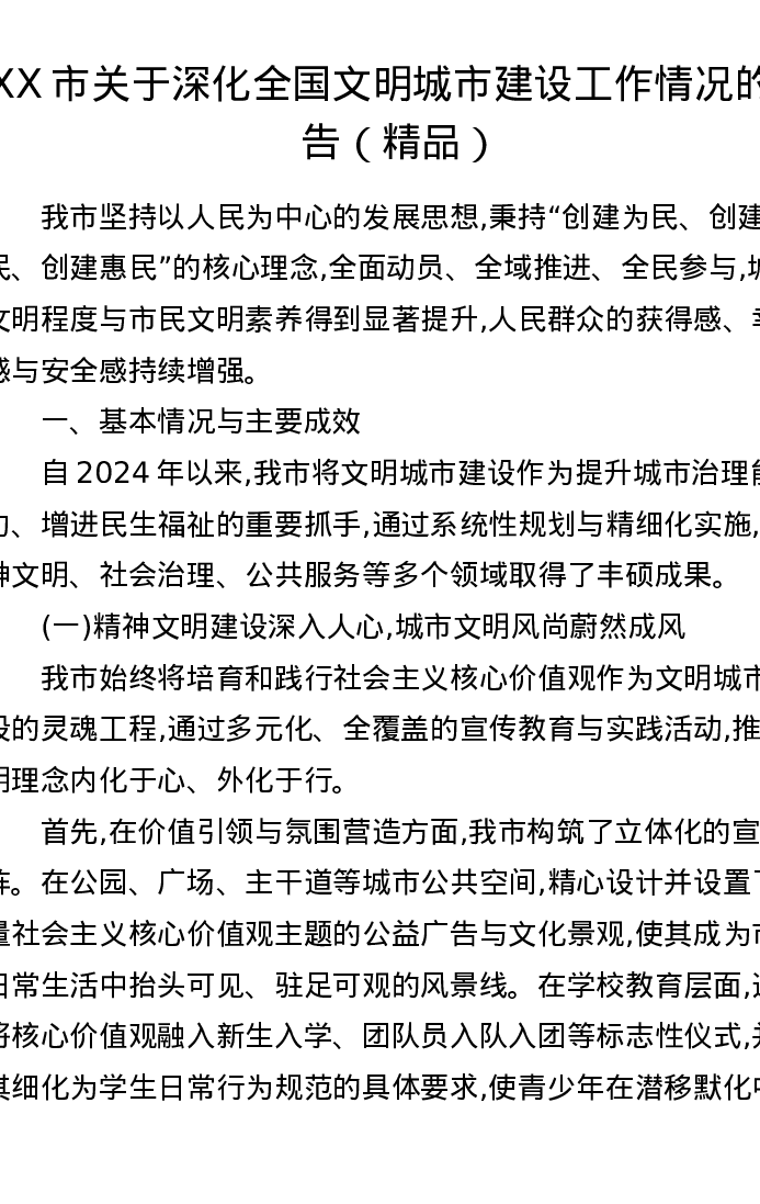 XX市关于深化全国文明城市建设工作情况的报告
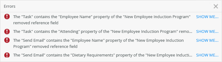 - The error console opens. In here you find a description of the errors and on which step they occurs. In this example, the Employee Name property in the Send Email step has a removed reference field.
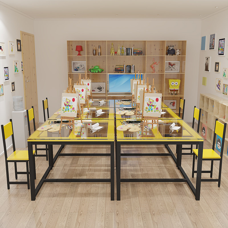 小学幼儿园课桌椅补习班彩色培训桌钢化玻璃面手工美术绘画学习桌
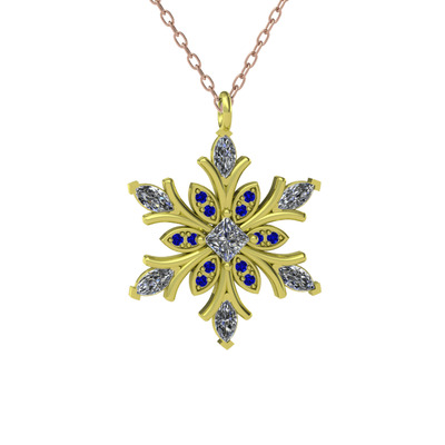 Swarovski ve lab safir 18 ayar altın kolye (40 cm gümüş rolo zincir)
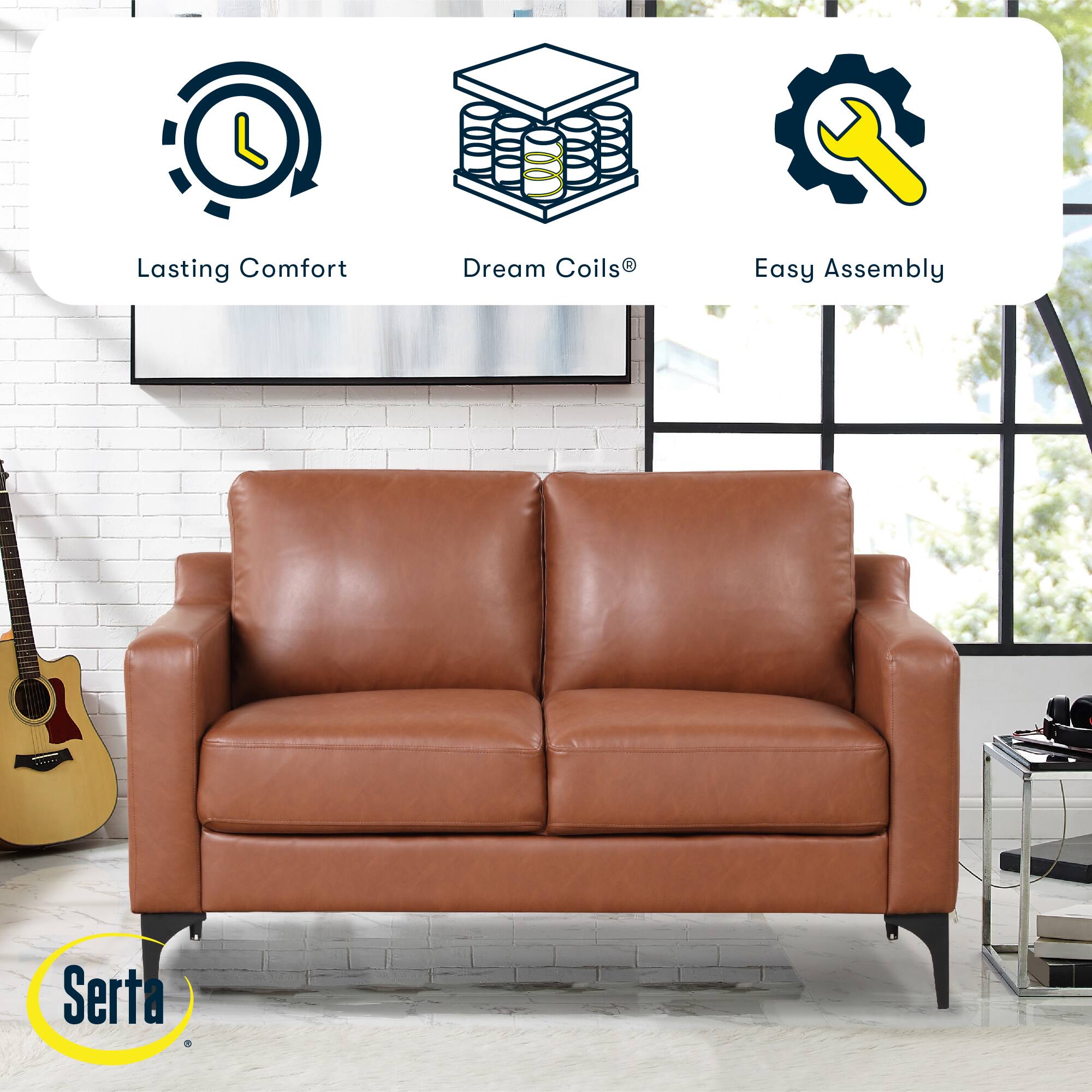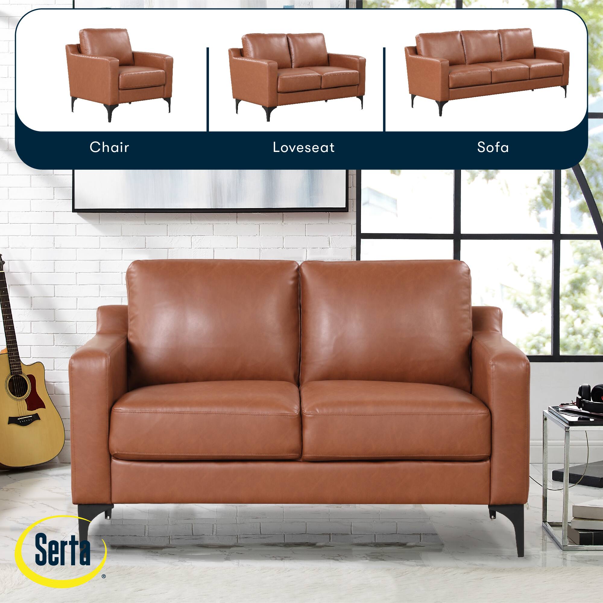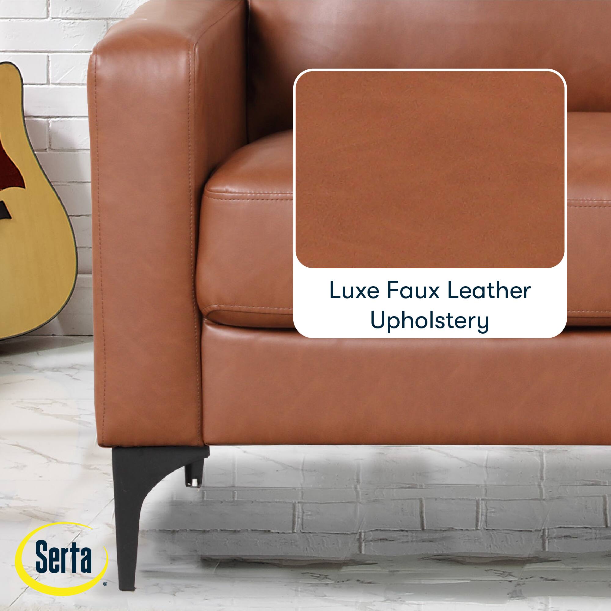 - A:Answer This loveseat is upholstered in a vegan leather that has stain-resistant qualities.

══════════

### WHAT YOU HAVE TO DO
Could you retype the whole listing word for word, minus its pictures?

### COMPLETED EXERCISE
 XX市关于深化全国文明城市建设工作情况的报告
 - The error console opens. In here you find a description of the errors and on which step they occurs. In this example, the Employee Name property in the Send Email step has a removed reference field.
 小学幼儿园课桌椅补习班彩色培训桌钢化玻璃面手工美术绘画学习桌
 Swarovski ve lab safir 18 ayar altın kolye (40 cm gümüş rolo zincir)
 - A:Answer This loveseat is upholstered in a vegan leather that has stain-resistant qualities.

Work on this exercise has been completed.